▶ _BRIEF_
The task calls for the lines below from the line with "2023年10月的全國(gu" to the line with "4 Pack Reusable", both ends included, copied exactly, without any pictures.

▶ _INFORMATION PROVIDED_
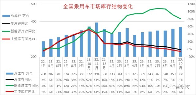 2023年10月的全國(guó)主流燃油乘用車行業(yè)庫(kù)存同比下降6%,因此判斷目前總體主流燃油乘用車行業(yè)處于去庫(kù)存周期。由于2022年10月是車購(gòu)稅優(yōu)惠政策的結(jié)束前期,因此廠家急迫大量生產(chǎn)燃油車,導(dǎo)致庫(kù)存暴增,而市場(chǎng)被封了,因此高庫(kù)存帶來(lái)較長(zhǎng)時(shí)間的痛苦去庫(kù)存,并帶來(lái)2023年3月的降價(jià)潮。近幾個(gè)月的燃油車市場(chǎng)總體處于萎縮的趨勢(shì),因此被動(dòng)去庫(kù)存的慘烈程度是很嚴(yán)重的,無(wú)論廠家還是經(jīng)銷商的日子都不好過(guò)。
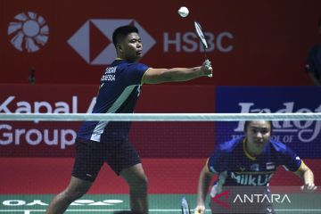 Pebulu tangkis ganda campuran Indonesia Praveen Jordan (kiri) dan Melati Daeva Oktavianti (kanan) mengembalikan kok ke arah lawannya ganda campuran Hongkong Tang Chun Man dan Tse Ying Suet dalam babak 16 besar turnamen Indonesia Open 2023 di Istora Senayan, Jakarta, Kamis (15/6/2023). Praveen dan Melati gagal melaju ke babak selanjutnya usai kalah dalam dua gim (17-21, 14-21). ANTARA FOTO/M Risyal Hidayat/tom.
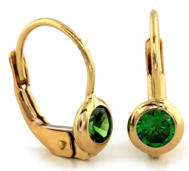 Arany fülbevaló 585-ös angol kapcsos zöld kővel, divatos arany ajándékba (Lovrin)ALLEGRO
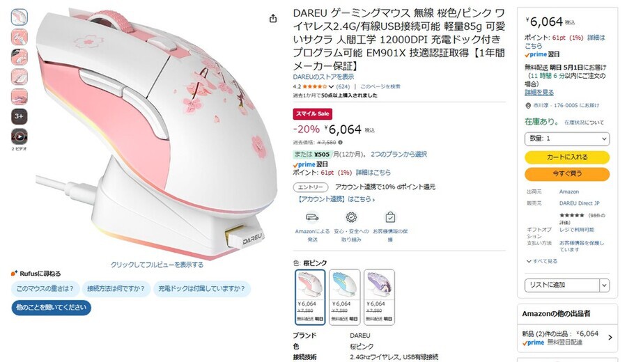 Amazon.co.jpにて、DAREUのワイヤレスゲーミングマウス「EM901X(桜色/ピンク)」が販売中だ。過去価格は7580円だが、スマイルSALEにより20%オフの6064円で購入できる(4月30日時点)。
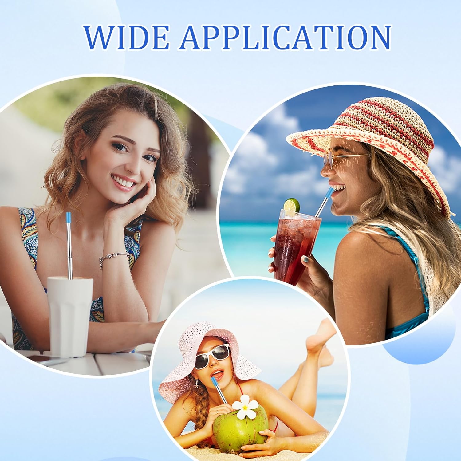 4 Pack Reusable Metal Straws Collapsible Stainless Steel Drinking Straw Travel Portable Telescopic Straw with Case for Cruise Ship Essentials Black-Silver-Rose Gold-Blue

---

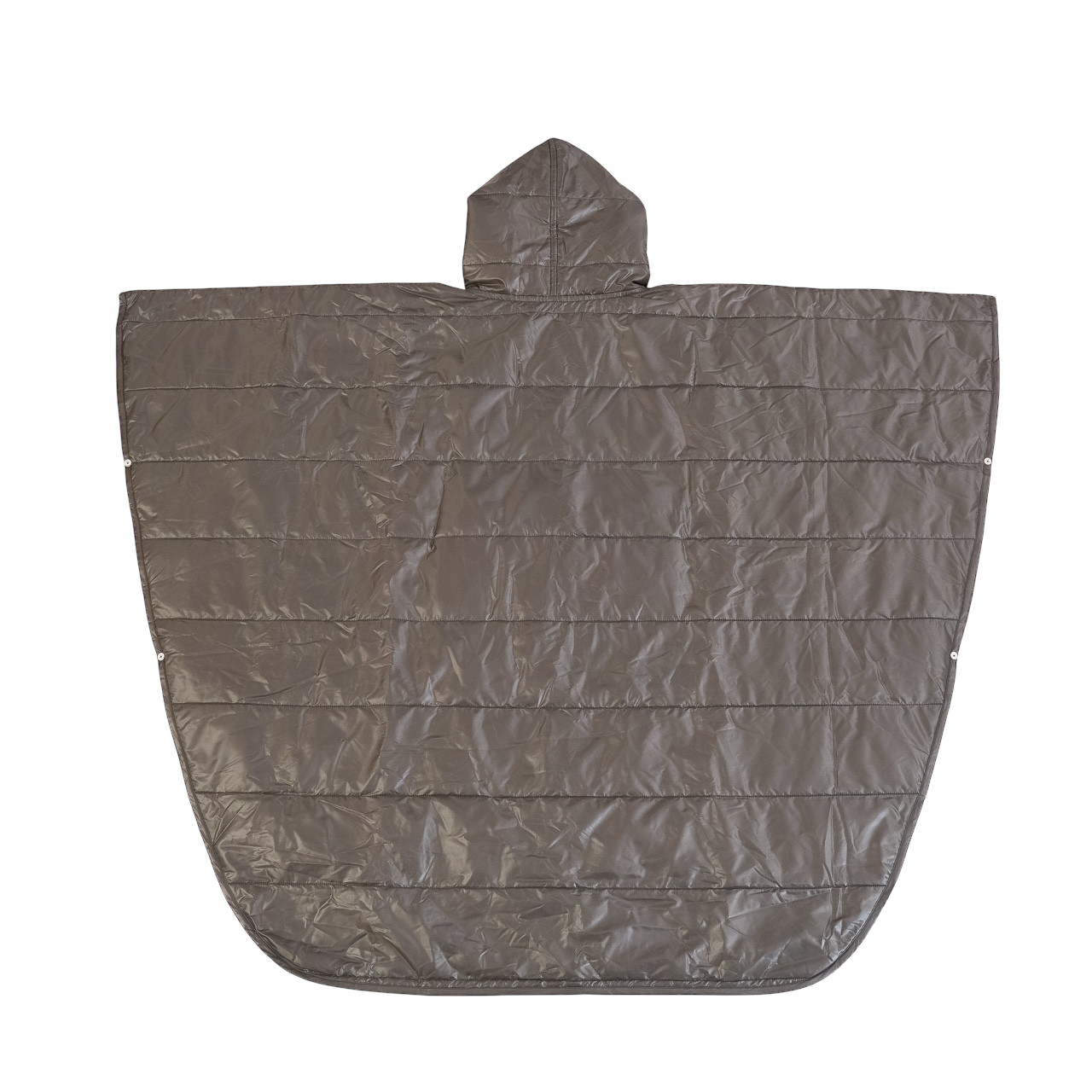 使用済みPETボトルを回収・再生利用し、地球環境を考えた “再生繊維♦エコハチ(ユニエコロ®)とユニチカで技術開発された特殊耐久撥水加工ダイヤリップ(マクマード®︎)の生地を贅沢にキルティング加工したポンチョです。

▶ _SOLUTION TO THE PROBLEM_
 2023年10月的全國(guó)主流燃油乘用車行業(yè)庫(kù)存同比下降6%,因此判斷目前總體主流燃油乘用車行業(yè)處于去庫(kù)存周期。由于2022年10月是車購(gòu)稅優(yōu)惠政策的結(jié)束前期,因此廠家急迫大量生產(chǎn)燃油車,導(dǎo)致庫(kù)存暴增,而市場(chǎng)被封了,因此高庫(kù)存帶來(lái)較長(zhǎng)時(shí)間的痛苦去庫(kù)存,并帶來(lái)2023年3月的降價(jià)潮。近幾個(gè)月的燃油車市場(chǎng)總體處于萎縮的趨勢(shì),因此被動(dòng)去庫(kù)存的慘烈程度是很嚴(yán)重的,無(wú)論廠家還是經(jīng)銷商的日子都不好過(guò)。
 Pebulu tangkis ganda campuran Indonesia Praveen Jordan (kiri) dan Melati Daeva Oktavianti (kanan) mengembalikan kok ke arah lawannya ganda campuran Hongkong Tang Chun Man dan Tse Ying Suet dalam babak 16 besar turnamen Indonesia Open 2023 di Istora Senayan, Jakarta, Kamis (15/6/2023). Praveen dan Melati gagal melaju ke babak selanjutnya usai kalah dalam dua gim (17-21, 14-21). ANTARA FOTO/M Risyal Hidayat/tom.
 Arany fülbevaló 585-ös angol kapcsos zöld kővel, divatos arany ajándékba (Lovrin)ALLEGRO
 Amazon.co.jpにて、DAREUのワイヤレスゲーミングマウス「EM901X(桜色/ピンク)」が販売中だ。過去価格は7580円だが、スマイルSALEにより20%オフの6064円で購入できる(4月30日時点)。
 4 Pack Reusable Metal Straws Collapsible Stainless Steel Drinking Straw Travel Portable Telescopic Straw with Case for Cruise Ship Essentials Black-Silver-Rose Gold-Blue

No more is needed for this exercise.